RockyMtnNews collective guilt 2.5.05

Rocky Mountain News
URL: http://www.rockymountainnews.com/drmn/local/article/0,1299,DRMN_15_3525395,00.html
'Collective guilt' stirs up emotions
Professor's writings tied to concept that goes back to Bible
By Stuart Steers, Rocky Mountain News
February 5, 2005
In the furor over Ward Churchill's comments about the victims of the Sept. 11
terrorist attacks, little attention has been paid to the final paragraphs of Churchill's
essay "On the Justice of Roosting Chickens."
Churchill catalogues a long list of what he calls American sins, citing slavery,
genocide against American Indians and countless deaths in Vietnam and at
Hiroshima and Nagasaki.
"The list is too long, too awful to go on," he writes. "No matter what its eventual
fate, America will have gotten off very, very cheap. The full measure of its guilt can
never be fully balanced or atoned for."
Churchill has written more than a dozen books and even more essays, but there is a
unifying theme to all his work: The American people are guilty for the sins of their
government.
The idea that an entire people can be guilty of common sins goes all the way back to
the Bible, but in more recent times it's come to be known as "collective guilt." The
concept is controversial, but discussions of collective guilt always tend to go back to
the Germany of the 1930s.
Churchill himself constantly refers to the Nazi experience, hence the now-infamous
comments about the dead at the World Trade Center being "little Eichmanns."
In another essay, "Crimes Against Humanity," Churchill points to the execution of
Nazi propagandist Julius Streicher at the Nuremberg trials after the end of World War
II. He notes that Streicher was never accused of personally murdering anyone, but
had orchestrated the vicious anti-Semitic propaganda that made the Holocaust
possible.
He then compares that to the hateful characterizations of American Indians in much
of the popular press in the 19th century and links it to more recent stereotyping of
Indians in Hollywood that, he said, fueled widespread acts of cruelty against tribes in
the United States.
"And know that this is just as much a crime against humanity as anything the Nazis
ever did," Churchill writes.
But many people believe the entire notion of collective guilt is wrong.
"The whole development of European and American law is that there's personal
responsibility," said Professor Robert Schulzinger, who teaches U.S. diplomatic
history at the University of Colorado. "That was the whole idea behind Nuremberg,
identifying the individuals responsible."
Schulzinger believes the idea of collective guilt is inherently racist.
"In Bosnia the Serbs identified all Bosnian Muslims as an enemy that should be
exterminated," he said. "Collective guilt was part of ethnic cleansing.
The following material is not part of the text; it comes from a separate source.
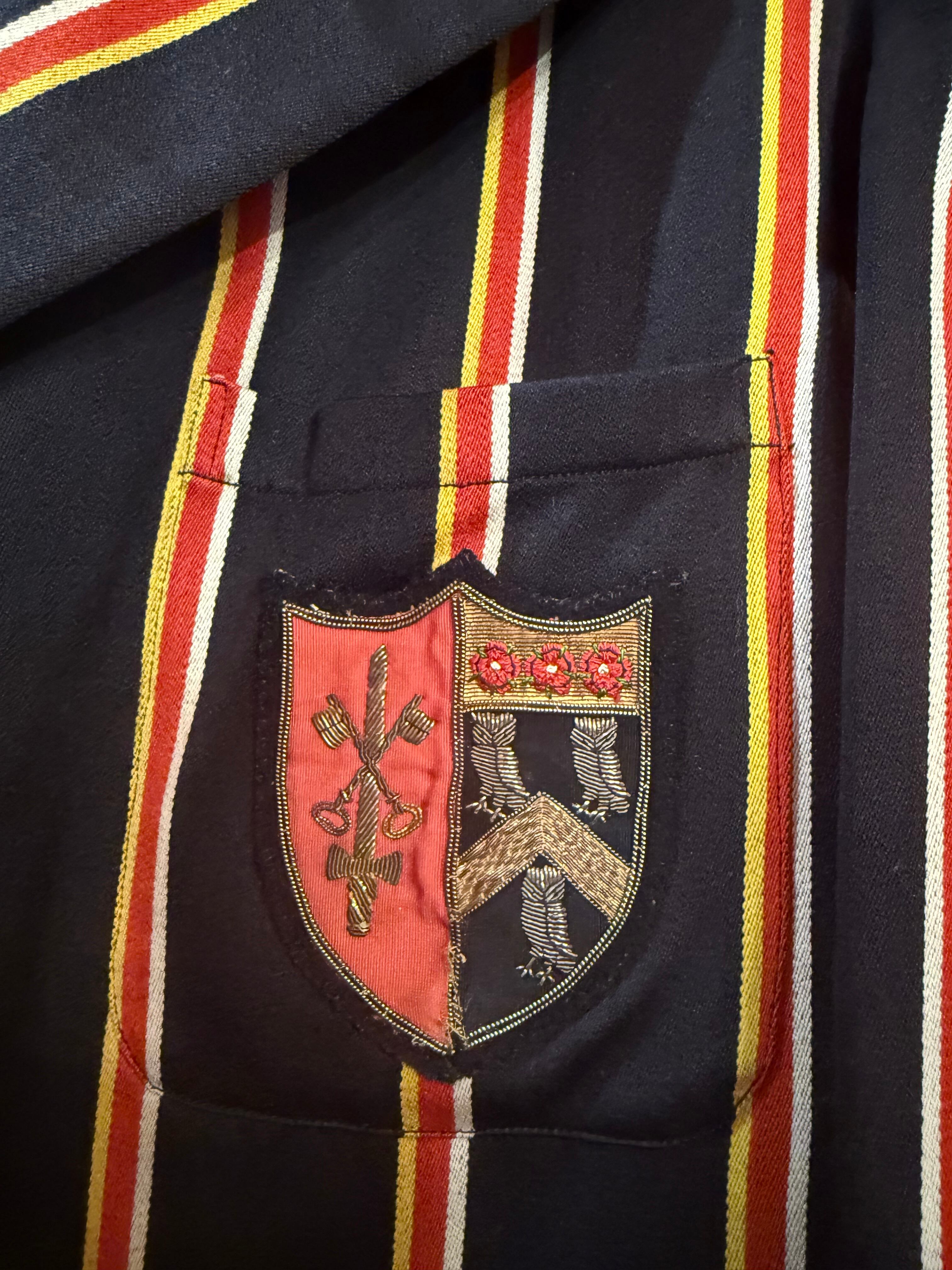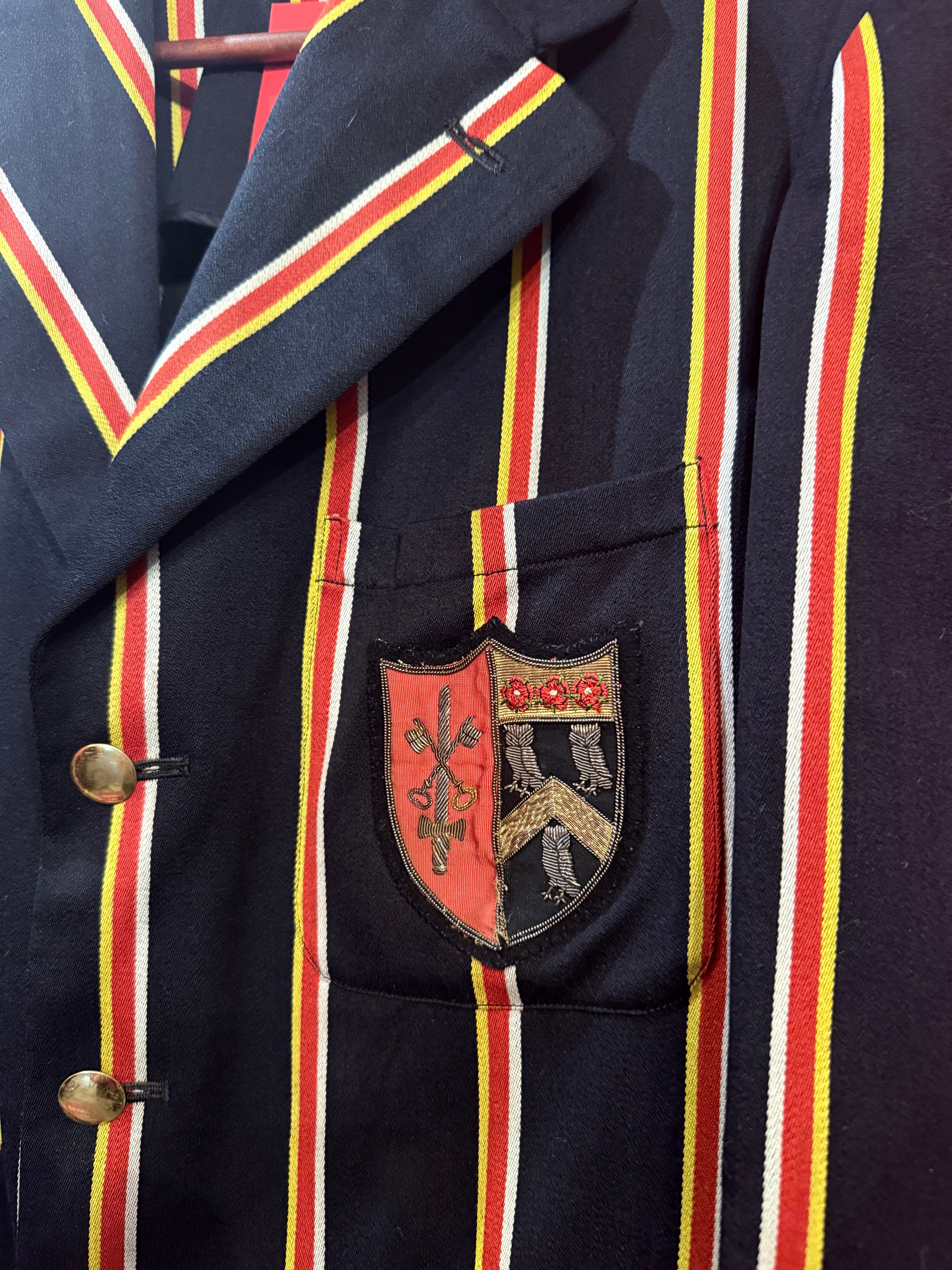 胸元のエンブレムは、刺繍と細い金属線のような素材で丁寧に作られており、ヴィンテージならではの重厚感と美しさがあります。時代を超えて愛される、存在感のあるジャケットです。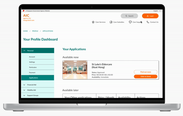 The Agency for Integrated Care (AIC) exists as the “to-go-to liason” - bridging *service providers, caregivers and patients. Their work in the community is to consolidate care services and information and make them accessible to those who need them.

It's very much
at odds with the best tradition of finding out who is and who is not responsible."
Those who survived the Nazi genocide have thought long and hard about collective
guilt as it pertains to the German people.
"The question comes up a lot whenever I speak to students," said Eric Cahn, a
Denver man who survived the Holocaust.
Cahn's German Jewish parents were imprisoned in a holding camp in southern
France, and made the desperate decision to give 4-year-old Eric and his 2-year-old
sister to French Resistance fighters posing as camp workers. His mother died in a
gas chamber at Auschwitz; his father survived but refused to speak about his
experiences in the camp.
"In terms of Germans my age or younger, I have no animosity towards them," said
Cahn, 67. "I do have a lot of animosity and anger towards Germans in their 80s and
90s today who stood by and let the Nazis do what they did. People turned a blind
eye. I do feel collectively they are guilty."
Amitai Etzioni is another Holocaust survivor who has thought deeply about collective
guilt.
Etzioni, a celebrated sociologist who teaches at George Washington University in
Washington D.C., was born in Germany. His parents fled to Palestine in 1935 when
he was six years old. Many of his relatives died in the concentration camps.
Etzioni also believes there is such a thing as collective guilt. He says critics of the
idea, such as Schulzinger, are confusing law with ethics.
"Let's assume you live in a community and know a lynching is going on and do
nothing about it - you are complicit," he said. "There have been a lot of studies that
showed most of the Germans knew what was happening. There was complicity."
As for Churchill's comments about the dead at the World Trade Center, Etzioni
doesn't think vengeance is ever justifiable.
"Killing innocent people is not a way to deal with guilt," he said. "Two wrongs don't
make a right. Even the Nazis got a trial."